[Data records]
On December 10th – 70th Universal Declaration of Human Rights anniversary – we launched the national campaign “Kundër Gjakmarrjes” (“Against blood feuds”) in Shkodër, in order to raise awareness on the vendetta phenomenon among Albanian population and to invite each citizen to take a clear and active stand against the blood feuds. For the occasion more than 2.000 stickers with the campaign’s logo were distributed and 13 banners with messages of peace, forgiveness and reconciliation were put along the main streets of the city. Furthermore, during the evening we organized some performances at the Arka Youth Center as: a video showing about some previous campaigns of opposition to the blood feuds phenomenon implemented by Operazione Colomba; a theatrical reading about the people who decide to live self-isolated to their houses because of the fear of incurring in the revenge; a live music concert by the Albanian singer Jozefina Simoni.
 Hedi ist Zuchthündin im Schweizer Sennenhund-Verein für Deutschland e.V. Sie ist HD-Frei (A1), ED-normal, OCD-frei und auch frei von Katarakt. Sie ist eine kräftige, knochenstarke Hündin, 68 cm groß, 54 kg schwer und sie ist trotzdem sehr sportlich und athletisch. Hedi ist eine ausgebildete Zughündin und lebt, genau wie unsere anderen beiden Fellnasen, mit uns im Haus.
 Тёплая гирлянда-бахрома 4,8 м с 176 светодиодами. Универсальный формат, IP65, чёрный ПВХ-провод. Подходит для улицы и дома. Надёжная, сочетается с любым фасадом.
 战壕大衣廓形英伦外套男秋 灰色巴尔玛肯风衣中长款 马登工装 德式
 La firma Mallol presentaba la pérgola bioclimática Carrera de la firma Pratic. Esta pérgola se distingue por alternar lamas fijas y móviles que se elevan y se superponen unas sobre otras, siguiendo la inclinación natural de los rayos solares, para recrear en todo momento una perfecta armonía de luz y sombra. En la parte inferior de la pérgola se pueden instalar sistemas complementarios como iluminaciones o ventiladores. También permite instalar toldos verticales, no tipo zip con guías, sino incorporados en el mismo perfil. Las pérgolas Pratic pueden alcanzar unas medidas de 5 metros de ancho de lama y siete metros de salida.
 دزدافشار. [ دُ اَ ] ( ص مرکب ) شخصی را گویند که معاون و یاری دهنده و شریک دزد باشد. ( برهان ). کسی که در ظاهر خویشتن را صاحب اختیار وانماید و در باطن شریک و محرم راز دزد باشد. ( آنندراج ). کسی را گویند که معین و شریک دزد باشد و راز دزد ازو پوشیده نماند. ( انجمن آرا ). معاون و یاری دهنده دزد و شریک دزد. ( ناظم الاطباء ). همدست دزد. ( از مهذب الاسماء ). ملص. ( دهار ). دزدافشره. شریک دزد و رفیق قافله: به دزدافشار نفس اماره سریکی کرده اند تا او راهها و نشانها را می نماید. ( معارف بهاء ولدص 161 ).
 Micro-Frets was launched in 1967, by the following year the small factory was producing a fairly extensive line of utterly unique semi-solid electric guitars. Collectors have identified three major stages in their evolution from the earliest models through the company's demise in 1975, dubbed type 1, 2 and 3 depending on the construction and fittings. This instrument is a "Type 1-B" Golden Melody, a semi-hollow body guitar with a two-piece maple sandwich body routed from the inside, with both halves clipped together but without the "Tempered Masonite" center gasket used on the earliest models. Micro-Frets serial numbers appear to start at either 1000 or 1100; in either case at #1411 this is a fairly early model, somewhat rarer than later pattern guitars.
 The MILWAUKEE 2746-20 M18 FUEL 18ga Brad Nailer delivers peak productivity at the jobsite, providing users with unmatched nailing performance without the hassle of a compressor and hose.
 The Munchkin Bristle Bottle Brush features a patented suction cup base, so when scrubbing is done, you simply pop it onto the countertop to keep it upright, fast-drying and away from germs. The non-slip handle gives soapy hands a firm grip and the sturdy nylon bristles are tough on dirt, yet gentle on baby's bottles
[/Data records]
[Data records]
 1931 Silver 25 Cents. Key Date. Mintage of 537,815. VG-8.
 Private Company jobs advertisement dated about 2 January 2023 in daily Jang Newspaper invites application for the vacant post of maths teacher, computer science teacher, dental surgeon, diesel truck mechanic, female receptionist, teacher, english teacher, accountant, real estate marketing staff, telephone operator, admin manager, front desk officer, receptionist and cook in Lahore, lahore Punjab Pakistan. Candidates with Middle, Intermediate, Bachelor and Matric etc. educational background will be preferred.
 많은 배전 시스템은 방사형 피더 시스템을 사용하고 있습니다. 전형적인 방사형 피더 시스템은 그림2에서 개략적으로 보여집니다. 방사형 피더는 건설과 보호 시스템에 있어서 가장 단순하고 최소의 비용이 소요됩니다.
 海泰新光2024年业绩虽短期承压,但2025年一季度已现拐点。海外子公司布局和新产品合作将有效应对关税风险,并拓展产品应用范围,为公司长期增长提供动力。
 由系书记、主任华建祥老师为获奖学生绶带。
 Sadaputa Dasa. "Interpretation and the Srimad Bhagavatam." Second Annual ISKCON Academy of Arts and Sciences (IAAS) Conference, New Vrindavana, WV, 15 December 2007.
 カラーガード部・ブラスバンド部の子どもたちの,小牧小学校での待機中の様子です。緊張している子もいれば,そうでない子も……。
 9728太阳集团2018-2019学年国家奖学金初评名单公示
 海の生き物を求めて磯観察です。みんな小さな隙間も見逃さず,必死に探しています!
[/Data records]
Directions >> Everything starting at the line containing "On December 10th" and ending at the line containing "战壕大衣廓形英伦外套男秋 灰色巴尔玛肯风衣中长款 马登工装 德式" in the records above should be repeated exactly, and only that.

Exercise solution >>
On December 10th – 70th Universal Declaration of Human Rights anniversary – we launched the national campaign “Kundër Gjakmarrjes” (“Against blood feuds”) in Shkodër, in order to raise awareness on the vendetta phenomenon among Albanian population and to invite each citizen to take a clear and active stand against the blood feuds. For the occasion more than 2.000 stickers with the campaign’s logo were distributed and 13 banners with messages of peace, forgiveness and reconciliation were put along the main streets of the city. Furthermore, during the evening we organized some performances at the Arka Youth Center as: a video showing about some previous campaigns of opposition to the blood feuds phenomenon implemented by Operazione Colomba; a theatrical reading about the people who decide to live self-isolated to their houses because of the fear of incurring in the revenge; a live music concert by the Albanian singer Jozefina Simoni.
 Hedi ist Zuchthündin im Schweizer Sennenhund-Verein für Deutschland e.V. Sie ist HD-Frei (A1), ED-normal, OCD-frei und auch frei von Katarakt. Sie ist eine kräftige, knochenstarke Hündin, 68 cm groß, 54 kg schwer und sie ist trotzdem sehr sportlich und athletisch. Hedi ist eine ausgebildete Zughündin und lebt, genau wie unsere anderen beiden Fellnasen, mit uns im Haus.
 Тёплая гирлянда-бахрома 4,8 м с 176 светодиодами. Универсальный формат, IP65, чёрный ПВХ-провод. Подходит для улицы и дома. Надёжная, сочетается с любым фасадом.
 战壕大衣廓形英伦外套男秋 灰色巴尔玛肯风衣中长款 马登工装 德式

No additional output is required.